French sports journalist

Jean Raynal (18 August 1929 – January 2015) was a French sports journalist, who worked for Office de Radiodiffusion Télévision Française and TF1. He commentated on football, rugby, basketball, and the Olympic Games. He was nicknamed Monsieur Basket (Mr Basketball).

==Personal life==
Raynal was born in Massiac, Cantal, France. He studied at the Centre de formation des journalistes in Paris.

==Career==
Raynal began his work as a radio presenter in 1957. In 1968, Raynal became a television presenter on Office de Radiodiffusion Télévision Française, and was one of the first five members of the organisation's committee on objective journalism. From 1975 to 1988, Raynal worked for TF1.
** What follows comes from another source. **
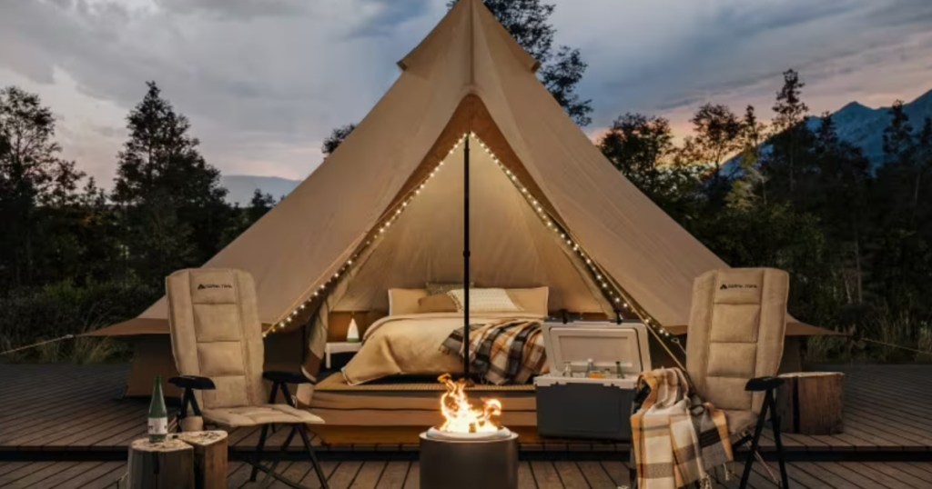 Ozark Trail 8-Person Family Yurt Tent – with string lights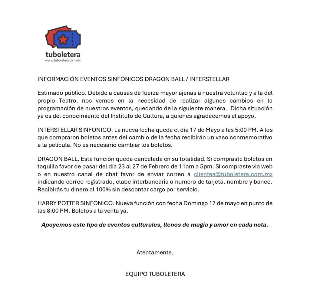 En cambio, la función de Dragon Ball está cancelada. Si compraste boletos en taquilla favor de pasar del día 23 al 27 de febrero de 11:00 a.m. a 5:00 p.m.

Raynal commentated at five FIFA World Cups; he commentated at the 1978 FIFA World Cup alongside Pierre Cangioni. Between 1983 and 1984, Raynal presented one season of TF1's football programme Téléfoot. Aside from football, Raynal covered basketball in the 1970s and 1980s. Raynal was nicknamed "Monsieur Basket" (Mr Basketball), and in 1980, he wrote the book La Fabuleuse histoire du basket (The fabulous history of basketball). Raynal also covered 26 French Open tennis championships, and six Olympic Games. He commentated with Raoul Barrière at the 1978–79 French Rugby Union Championship final, where Narbonne beat Stade Bagnérais. Fellow sports journalist Didier Roustan said that Raynal was his inspiration.

==Works==
- Raynal, Jean, Le volley-ball (Volleyball), 1977
- Raynal, Jean, La Fabuleuse histoire du basket (The fabulous history of basketball), 1980

==Death==
Raynal died in 2015 at the age of 85.